• [TASK INSTRUCTIONS]:
Line by line, give the data again exactly as it appears, but without pictures.

Source records:
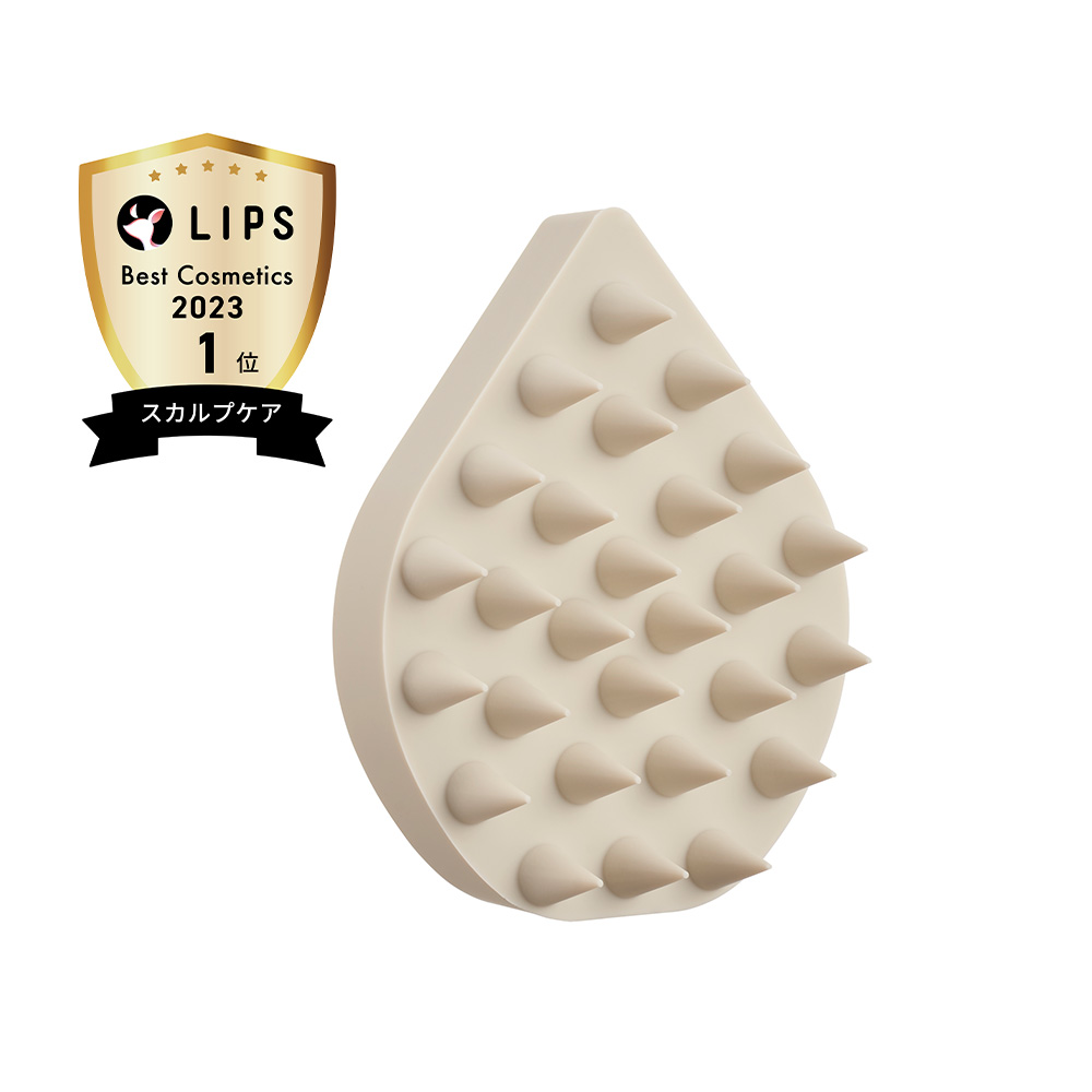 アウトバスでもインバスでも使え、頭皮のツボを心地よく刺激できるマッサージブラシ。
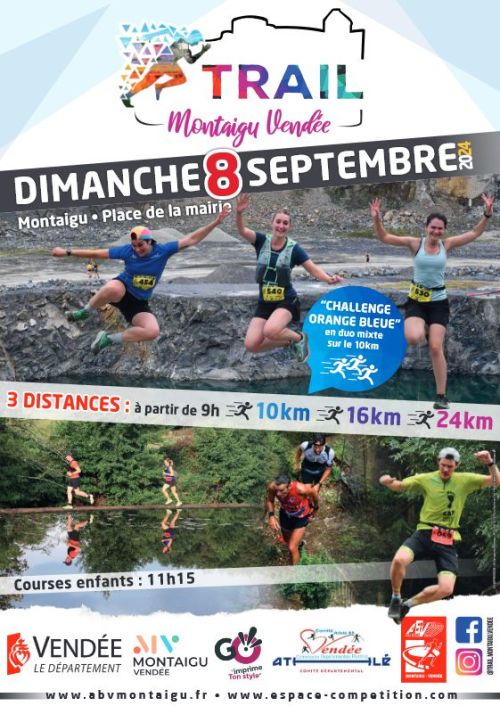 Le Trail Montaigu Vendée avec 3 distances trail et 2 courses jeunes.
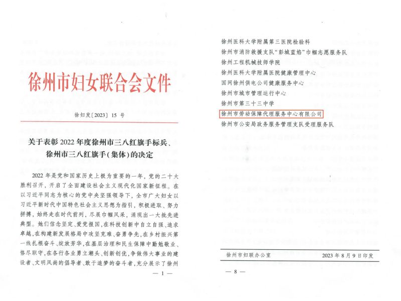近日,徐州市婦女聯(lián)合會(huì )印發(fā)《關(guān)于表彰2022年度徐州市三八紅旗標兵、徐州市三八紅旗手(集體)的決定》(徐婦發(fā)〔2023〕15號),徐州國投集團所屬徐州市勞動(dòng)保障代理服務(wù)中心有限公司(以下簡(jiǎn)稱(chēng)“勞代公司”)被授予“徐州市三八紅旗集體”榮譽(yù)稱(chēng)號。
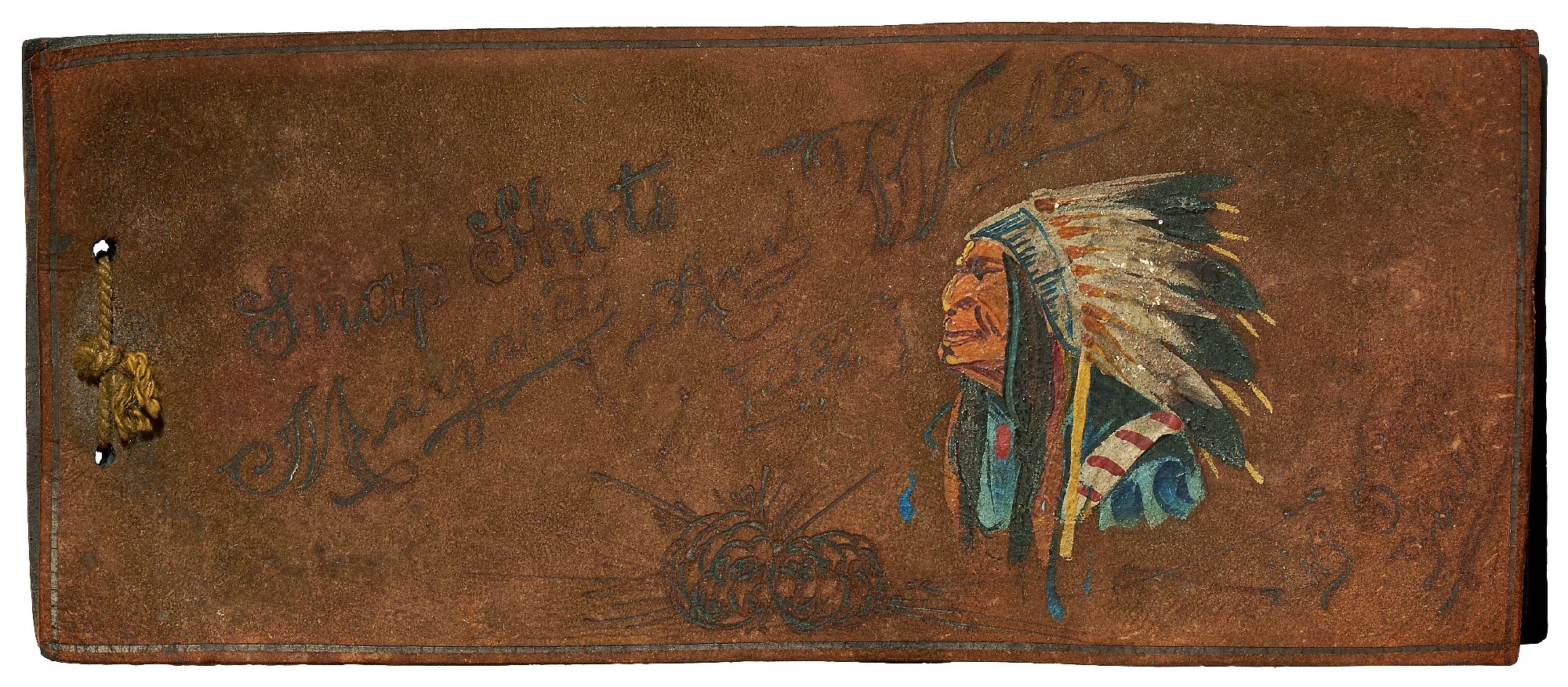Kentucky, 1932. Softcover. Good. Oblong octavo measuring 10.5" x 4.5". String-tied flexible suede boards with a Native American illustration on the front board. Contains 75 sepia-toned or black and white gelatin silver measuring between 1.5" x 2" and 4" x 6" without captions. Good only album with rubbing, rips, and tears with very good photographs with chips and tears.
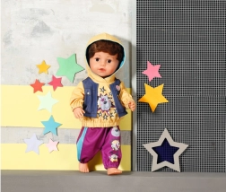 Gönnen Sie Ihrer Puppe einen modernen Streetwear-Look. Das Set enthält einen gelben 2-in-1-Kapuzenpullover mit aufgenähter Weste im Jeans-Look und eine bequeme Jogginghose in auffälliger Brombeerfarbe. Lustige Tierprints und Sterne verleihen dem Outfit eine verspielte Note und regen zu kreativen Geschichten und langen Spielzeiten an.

• [PROBLEM SOLUTION]:
 アウトバスでもインバスでも使え、頭皮のツボを心地よく刺激できるマッサージブラシ。
 Le Trail Montaigu Vendée avec 3 distances trail et 2 courses jeunes.
近日,徐州市婦女聯(lián)合會(huì )印發(fā)《關(guān)于表彰2022年度徐州市三八紅旗標兵、徐州市三八紅旗手(集體)的決定》(徐婦發(fā)〔2023〕15號),徐州國投集團所屬徐州市勞動(dòng)保障代理服務(wù)中心有限公司(以下簡(jiǎn)稱(chēng)“勞代公司”)被授予“徐州市三八紅旗集體”榮譽(yù)稱(chēng)號。
Kentucky, 1932. Softcover. Good. Oblong octavo measuring 10.5" x 4.5". String-tied flexible suede boards with a Native American illustration on the front board. Contains 75 sepia-toned or black and white gelatin silver measuring between 1.5" x 2" and 4" x 6" without captions. Good only album with rubbing, rips, and tears with very good photographs with chips and tears.
 Gönnen Sie Ihrer Puppe einen modernen Streetwear-Look. Das Set enthält einen gelben 2-in-1-Kapuzenpullover mit aufgenähter Weste im Jeans-Look und eine bequeme Jogginghose in auffälliger Brombeerfarbe. Lustige Tierprints und Sterne verleihen dem Outfit eine verspielte Note und regen zu kreativen Geschichten und langen Spielzeiten an.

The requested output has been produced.